**Exercise goal**
The entries below contain pictures, which are to be left out; write out exactly, and only, the lines from the line with "料金が細かく設定されていて、" up to and including the line with "저소득 대학생으로서 기초생활수급자".

**Exercise input**
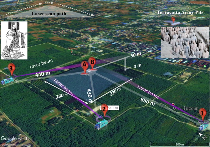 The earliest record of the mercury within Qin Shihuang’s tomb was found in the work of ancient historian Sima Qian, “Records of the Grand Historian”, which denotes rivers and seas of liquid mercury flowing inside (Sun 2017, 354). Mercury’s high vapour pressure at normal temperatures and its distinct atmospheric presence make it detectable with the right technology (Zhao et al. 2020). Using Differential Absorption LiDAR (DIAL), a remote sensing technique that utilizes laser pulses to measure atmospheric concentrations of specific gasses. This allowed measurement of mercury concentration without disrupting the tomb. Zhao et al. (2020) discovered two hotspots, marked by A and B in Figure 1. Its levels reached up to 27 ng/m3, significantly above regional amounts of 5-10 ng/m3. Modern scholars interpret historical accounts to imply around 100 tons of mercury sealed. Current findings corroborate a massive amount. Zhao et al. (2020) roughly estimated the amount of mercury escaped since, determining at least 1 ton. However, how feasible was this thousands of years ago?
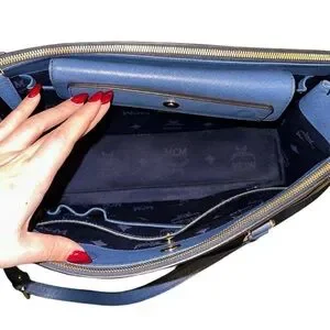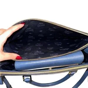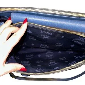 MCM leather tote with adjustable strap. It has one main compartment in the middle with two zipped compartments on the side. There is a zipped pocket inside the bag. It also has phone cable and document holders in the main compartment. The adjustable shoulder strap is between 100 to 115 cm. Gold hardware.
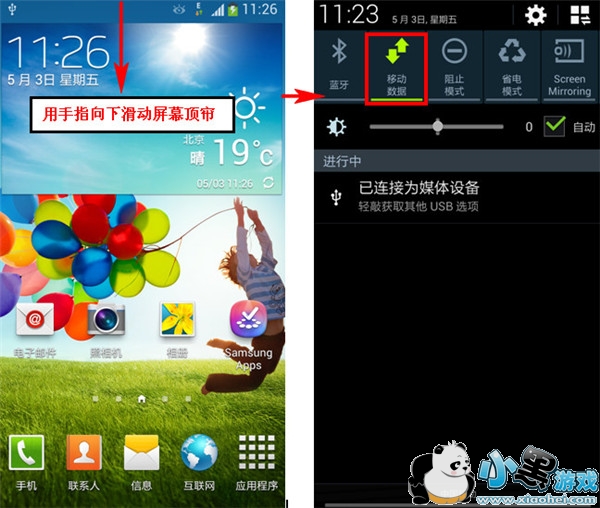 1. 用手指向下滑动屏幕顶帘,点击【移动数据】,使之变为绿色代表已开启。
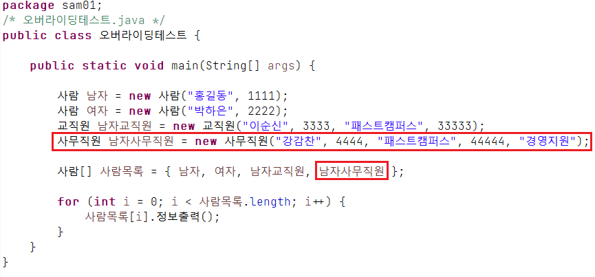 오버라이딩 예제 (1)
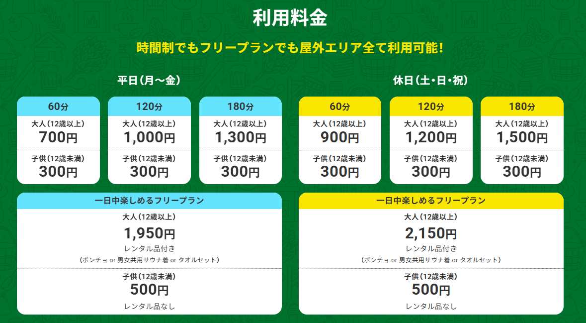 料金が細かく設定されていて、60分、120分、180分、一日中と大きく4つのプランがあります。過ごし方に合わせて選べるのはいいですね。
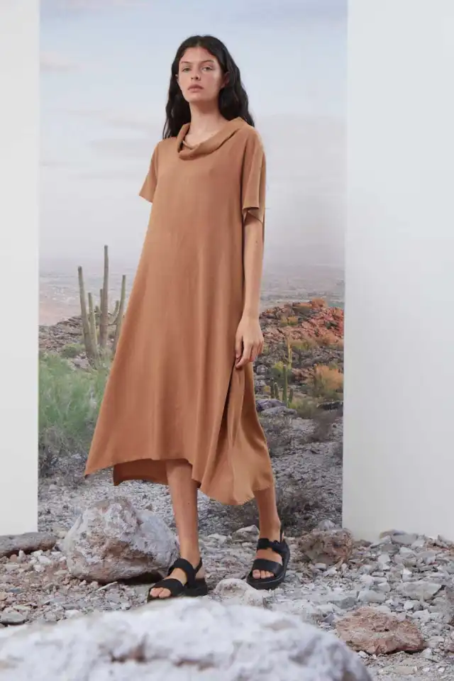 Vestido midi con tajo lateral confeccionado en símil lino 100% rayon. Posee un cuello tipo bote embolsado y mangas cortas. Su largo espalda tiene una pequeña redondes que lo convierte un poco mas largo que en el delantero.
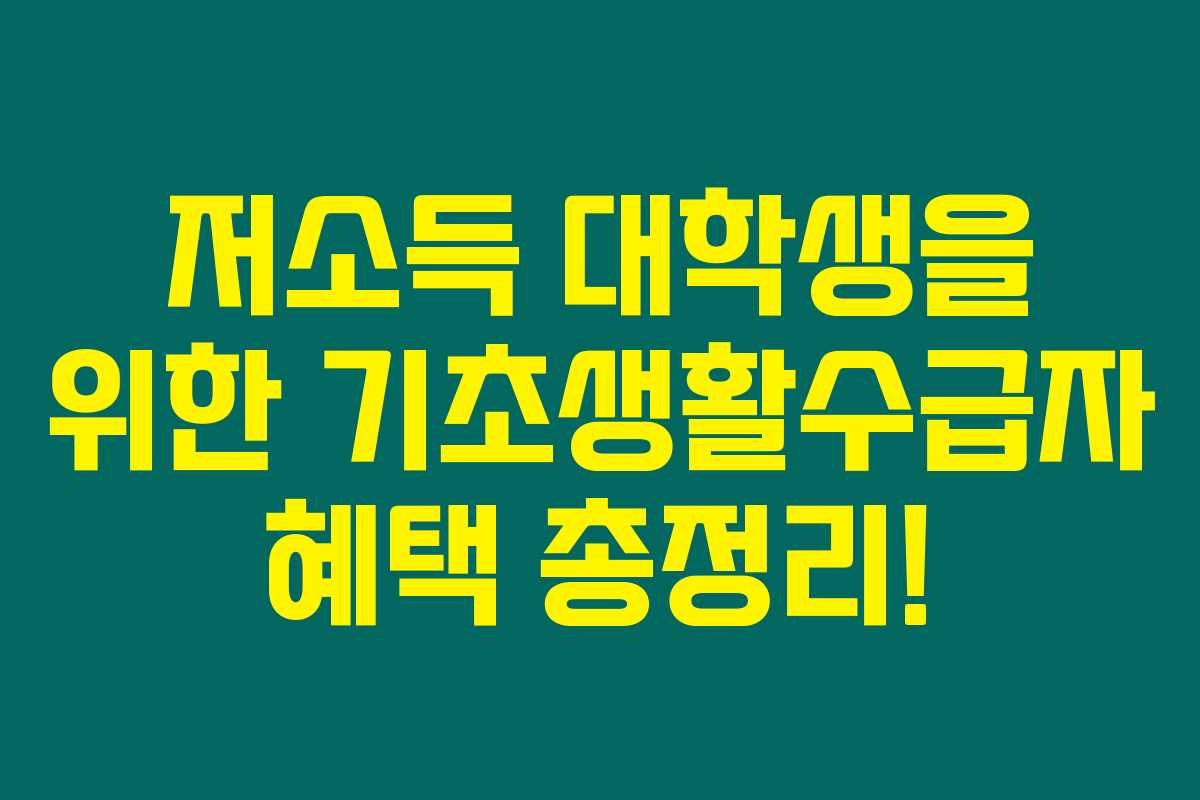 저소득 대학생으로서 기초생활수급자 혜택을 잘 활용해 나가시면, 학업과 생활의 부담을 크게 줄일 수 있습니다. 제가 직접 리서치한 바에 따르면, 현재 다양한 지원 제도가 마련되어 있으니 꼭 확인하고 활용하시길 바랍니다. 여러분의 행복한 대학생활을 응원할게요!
* * *
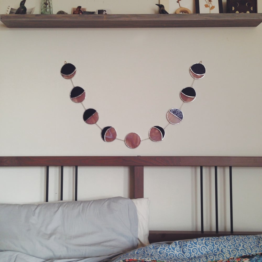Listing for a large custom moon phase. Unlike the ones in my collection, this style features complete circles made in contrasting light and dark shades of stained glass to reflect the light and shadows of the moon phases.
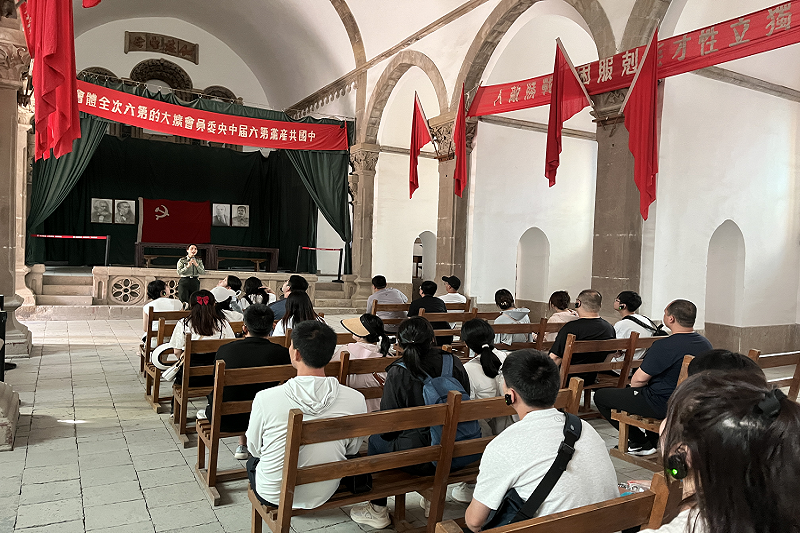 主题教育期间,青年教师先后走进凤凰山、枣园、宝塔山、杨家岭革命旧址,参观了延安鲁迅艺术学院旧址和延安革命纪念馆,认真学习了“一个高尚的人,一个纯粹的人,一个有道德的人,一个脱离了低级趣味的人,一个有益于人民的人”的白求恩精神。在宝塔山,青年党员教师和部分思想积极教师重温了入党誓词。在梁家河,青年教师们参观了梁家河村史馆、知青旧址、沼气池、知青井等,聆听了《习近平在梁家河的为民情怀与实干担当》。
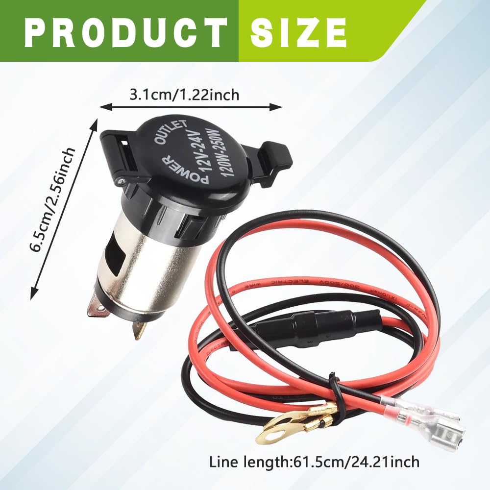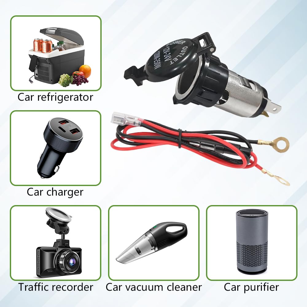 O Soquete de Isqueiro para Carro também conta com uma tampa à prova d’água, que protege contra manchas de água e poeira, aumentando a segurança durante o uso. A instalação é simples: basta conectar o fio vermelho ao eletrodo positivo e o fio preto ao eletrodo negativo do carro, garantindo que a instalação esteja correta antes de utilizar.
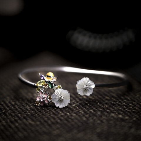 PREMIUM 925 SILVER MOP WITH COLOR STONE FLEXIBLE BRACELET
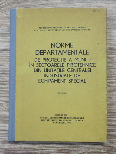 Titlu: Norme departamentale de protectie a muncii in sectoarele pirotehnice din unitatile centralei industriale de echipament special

**Problem solution**
 料金が細かく設定されていて、60分、120分、180分、一日中と大きく4つのプランがあります。過ごし方に合わせて選べるのはいいですね。
 Vestido midi con tajo lateral confeccionado en símil lino 100% rayon. Posee un cuello tipo bote embolsado y mangas cortas. Su largo espalda tiene una pequeña redondes que lo convierte un poco mas largo que en el delantero.
 저소득 대학생으로서 기초생활수급자 혜택을 잘 활용해 나가시면, 학업과 생활의 부담을 크게 줄일 수 있습니다. 제가 직접 리서치한 바에 따르면, 현재 다양한 지원 제도가 마련되어 있으니 꼭 확인하고 활용하시길 바랍니다. 여러분의 행복한 대학생활을 응원할게요!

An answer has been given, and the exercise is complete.